**** Record excerpts

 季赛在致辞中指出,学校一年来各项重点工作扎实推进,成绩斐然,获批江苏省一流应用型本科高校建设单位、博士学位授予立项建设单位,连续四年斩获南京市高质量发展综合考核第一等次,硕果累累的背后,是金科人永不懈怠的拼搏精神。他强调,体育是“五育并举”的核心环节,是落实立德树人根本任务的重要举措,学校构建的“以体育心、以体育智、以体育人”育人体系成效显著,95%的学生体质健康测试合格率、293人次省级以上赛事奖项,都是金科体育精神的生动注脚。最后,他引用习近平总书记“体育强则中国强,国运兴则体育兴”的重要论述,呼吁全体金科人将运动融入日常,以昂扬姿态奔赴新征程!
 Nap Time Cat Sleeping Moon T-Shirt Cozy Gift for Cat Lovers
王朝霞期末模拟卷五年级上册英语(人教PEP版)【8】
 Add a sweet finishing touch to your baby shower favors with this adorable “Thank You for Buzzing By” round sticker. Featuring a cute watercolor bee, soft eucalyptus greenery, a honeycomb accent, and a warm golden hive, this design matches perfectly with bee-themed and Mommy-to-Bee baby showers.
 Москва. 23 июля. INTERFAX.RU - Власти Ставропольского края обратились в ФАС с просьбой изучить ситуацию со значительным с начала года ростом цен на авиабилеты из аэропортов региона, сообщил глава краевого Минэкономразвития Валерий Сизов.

********
**** Record excerpts

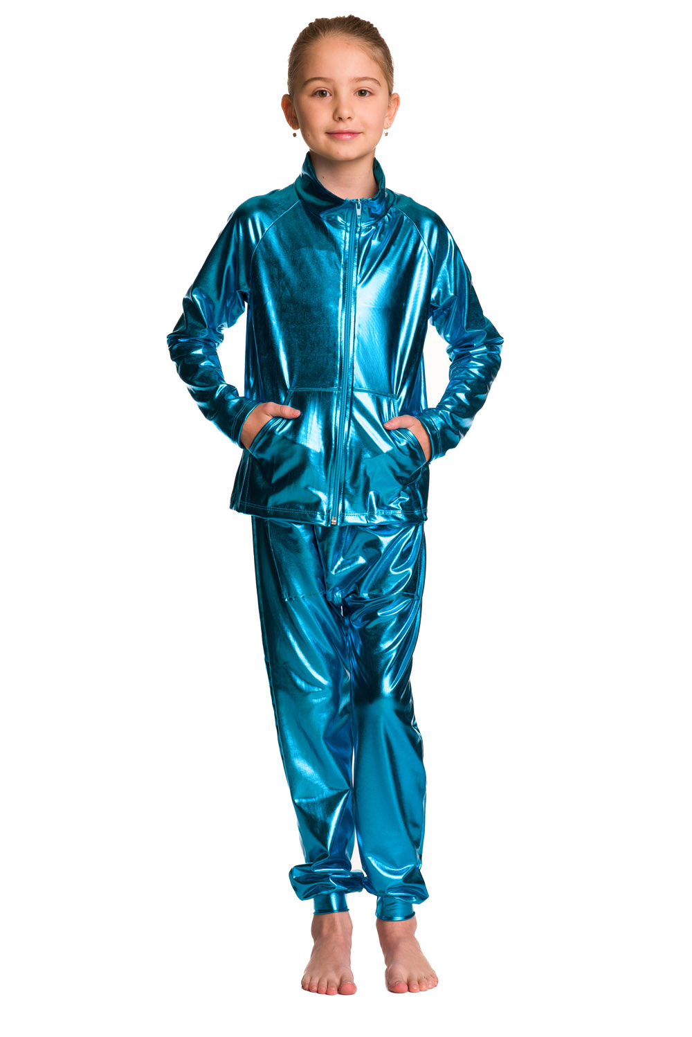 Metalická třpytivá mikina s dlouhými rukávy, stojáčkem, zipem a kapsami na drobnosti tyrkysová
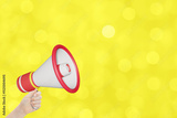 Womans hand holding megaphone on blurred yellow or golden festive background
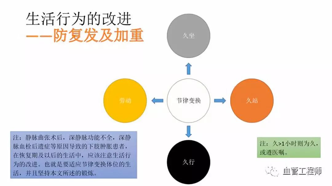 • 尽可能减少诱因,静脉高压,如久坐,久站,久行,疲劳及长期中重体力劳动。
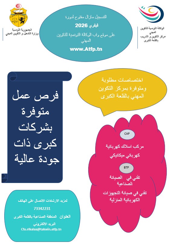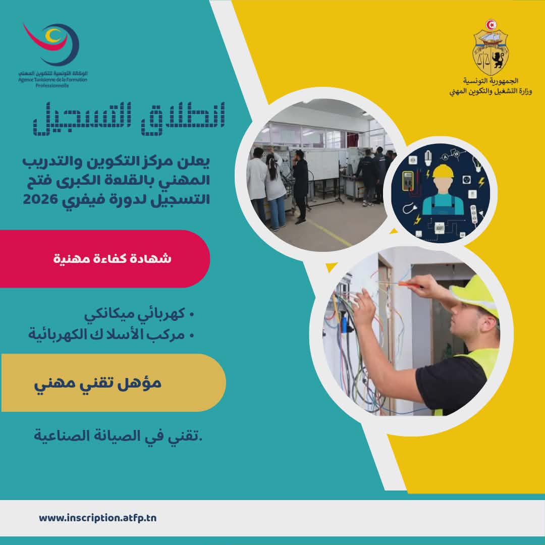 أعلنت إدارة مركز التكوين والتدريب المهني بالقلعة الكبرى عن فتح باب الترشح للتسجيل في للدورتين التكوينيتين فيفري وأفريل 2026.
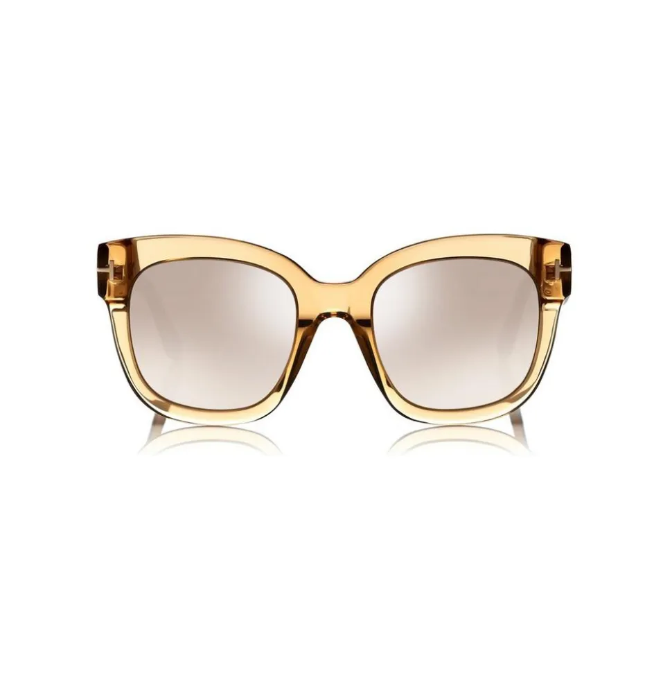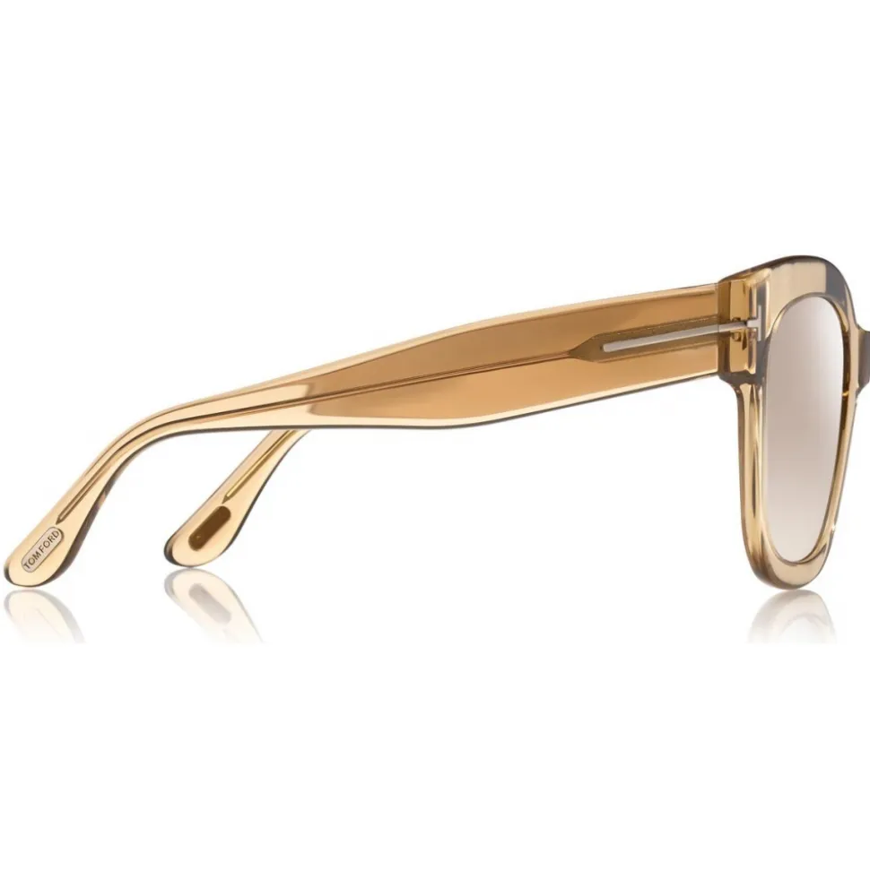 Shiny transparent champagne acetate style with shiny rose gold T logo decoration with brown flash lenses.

********

■ To do ■
Once the line with "Metalická třpytivá mikina" has been found above, output that line and every later line exactly, stopping after the line with "Shiny transparent champagne", and omit the pictures.

■ Exercise answer ■
 Metalická třpytivá mikina s dlouhými rukávy, stojáčkem, zipem a kapsami na drobnosti tyrkysová
 Womans hand holding megaphone on blurred yellow or golden festive background
 • 尽可能减少诱因,静脉高压,如久坐,久站,久行,疲劳及长期中重体力劳动。
 أعلنت إدارة مركز التكوين والتدريب المهني بالقلعة الكبرى عن فتح باب الترشح للتسجيل في للدورتين التكوينيتين فيفري وأفريل 2026.
 Shiny transparent champagne acetate style with shiny rose gold T logo decoration with brown flash lenses.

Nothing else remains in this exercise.